Auch am Heck sitzt hochkarätige Hyperpro-Ware. Die Federbeine sind mit Bedacht 25 Millimeter länger gebaut worden, um zum einen die Schräglagenfreiheit zu erhöhen, zum anderen durch die Erhöhung des Hecks einen etwas steileren Lenkkopfwinkel zu generieren, was den Nachlauf leicht verkürzt und das Handling positiv beeinflusst. Die Dämpfer sind in Zug- und Druckstufe vielfach einstellbar, selbstredend kann auch die Federvorspannung verstellt werden. Und wer es noch einen Ticken höher mag, kann über justierbare Befestigungsaugen nochmals 10 Millimeter rauskitzeln.

Die Schwinge soll noch durch eine leichtere Alu-Schwinge ersetzt werden

Doch wie fährt sie sich, die R&R-Dyna? Beim Aufsteigen fällt zunächst auf, wie leicht sich das Bike anfühlt. Die Sitzhöhe ist für etwas größer gewachsene Mitteleuropäer perfekt, die Fußrastenposition passt. Nach dem Druck auf den Anlasserknopf bekommt man genau das, weswegen man Harley fährt: gieriges Schlürfen aus dem Einlasstrakt, sonores Donnergrollen aus dem (nicht ganz StVZO-konformen) 2-in-1-Auspuff.

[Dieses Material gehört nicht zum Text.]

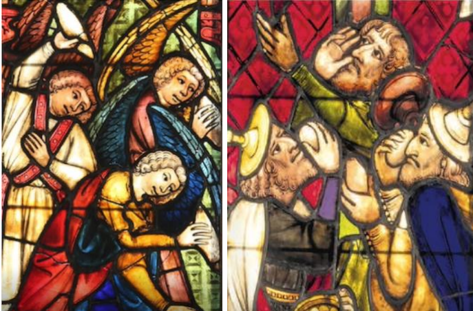
Abb. 3a-b: Mannaregen in einem Kirchenfenster aus St. Jakob in Rothenburg ob der Tauber.
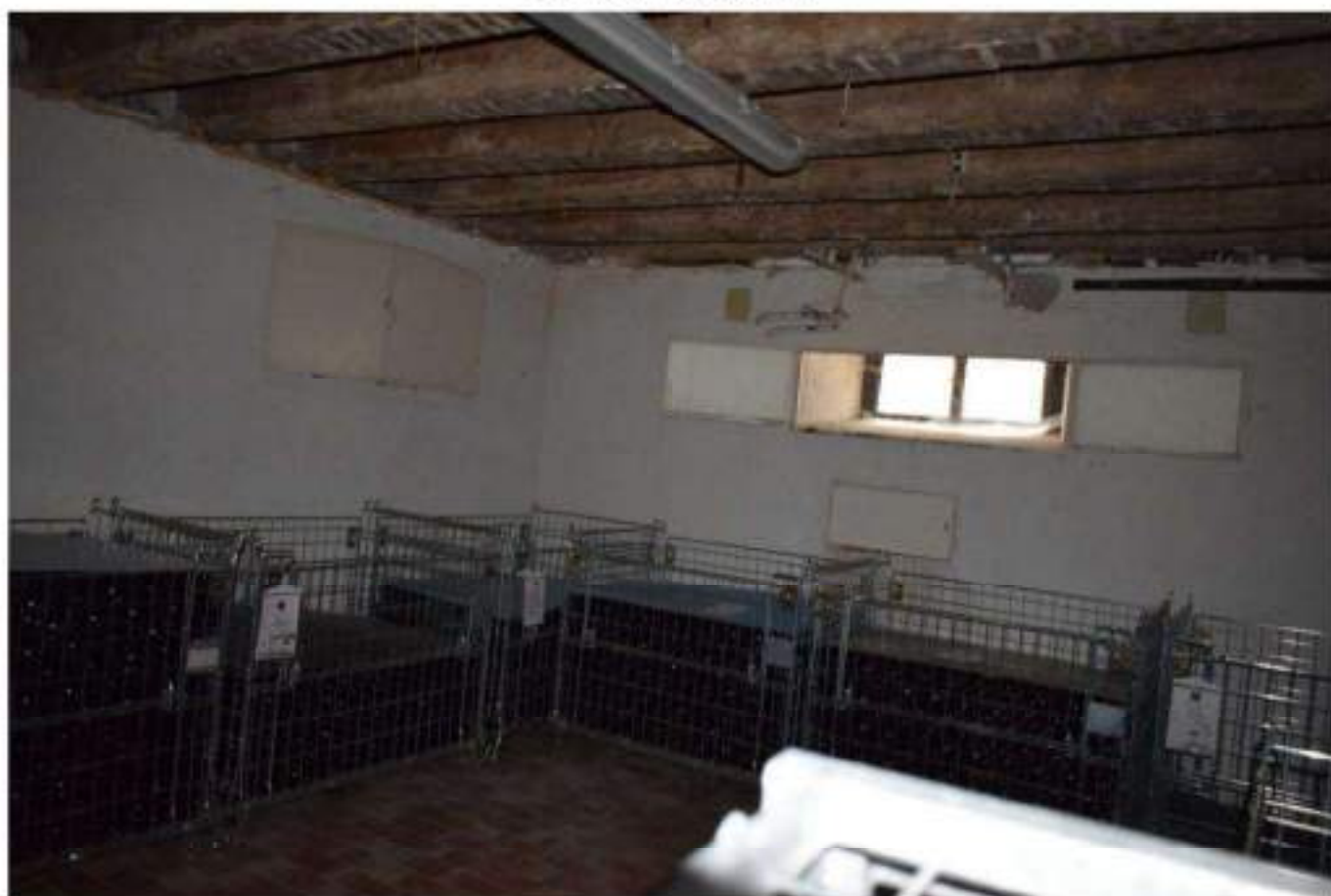
CANTINA - DEPOSITO

Der Twin Cam selbst ist mechanisch völlig original belassen, lediglich das Einspritz-Mapping wurde auf die offeneren Komponenten der Einlass- und Auslassseite abgestimmt; und das mit erstaunlichem Erfolg.

Voll einstellbares Hyperpro-Fahrwerk

Das Ding ging echt ab wie Schmidts Katze, was beweist, dass man Harley-Motoren mit einigermaßen überschaubarem Aufwand mächtig auf die Sprünge helfen kann. Bei der ersten Fahrt erwies sich das Fahrwerk erwartungsgemäß als Waffe, bloß mit dem viel zu straffen Heck konnte ich mich partout nicht anfreunden. Kein Problem bei diesen Dämpfern. Schnell die Liste des Fahrwerkssetups rausgekramt, geschaut, wie die R&R-Jungs die Druckstufe voreingestellt hatten und mit einem Kreuzschlitzschraubendreher satte 11 Clicks in Richtung weicher gestellt. Danach hat es astrein gepasst. Das Setup des Frontends war super und jetzt zeigten die Hyperpros auch hinten, was sie können.

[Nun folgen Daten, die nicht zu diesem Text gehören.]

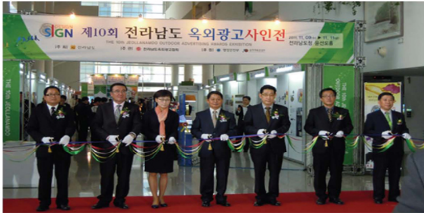
〈2011 제10회 전라남도 옥외광고대전 개최〉

쓰기대회 3점) 등 전라남도청 운선도 홀에서 개막 전시회 및 순회전을 실시하였다. 전시회에는 옥외광고대전 선정 우수광고물과 국내 광고물 시범거리 및 간판개선 우수사례 옥외광고 변천사 및 테마기획전 등을 전시해 많은 볼거리를 전시하였다.
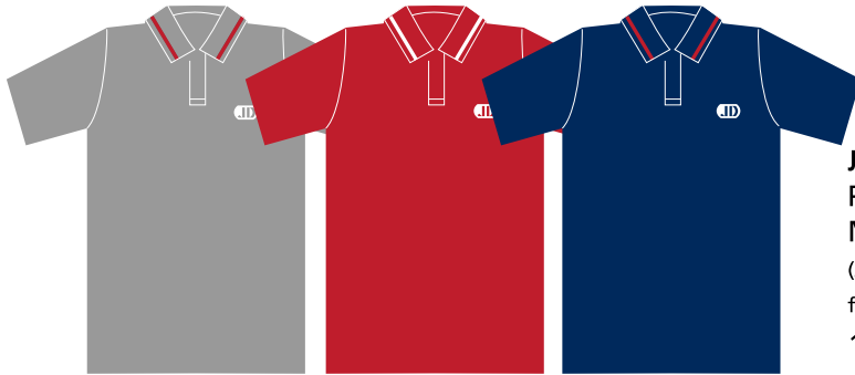
JSY-03-JD Polo garçon Manches courtes (Jersey poly-coton 65/35) fabriqué au Québec 19,50 $
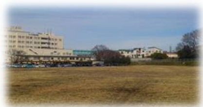
現在の埼玉県の公有
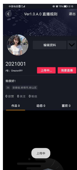
图 1-3-2-4 直播结束界面
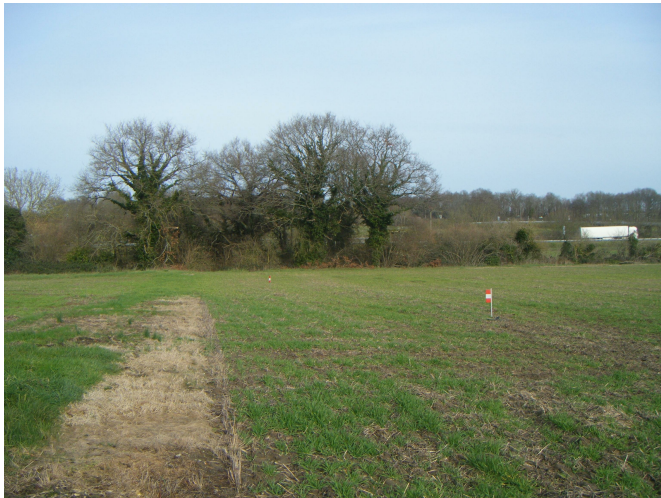
1 Vue nord :

Astreine Sache: Der ergonomisch abgeschrägte Luftfilter von RSD bringt Platz fürs rechte Fahrerbein

Passend dazu gibt’s allerfeinstes Bremsenmaterial von Galfer und Brembo. Unterm Strich ein absolut geiler Hammer! Wenn ich nicht schon genügend Motorräder besäße, die hier wäre eine Kandidatin für meine Garage. Das perfekte Gerät für Menschen, die nicht einsehen wollen, dass man mit Motorrädern aus Milwaukee nur cruisen kann.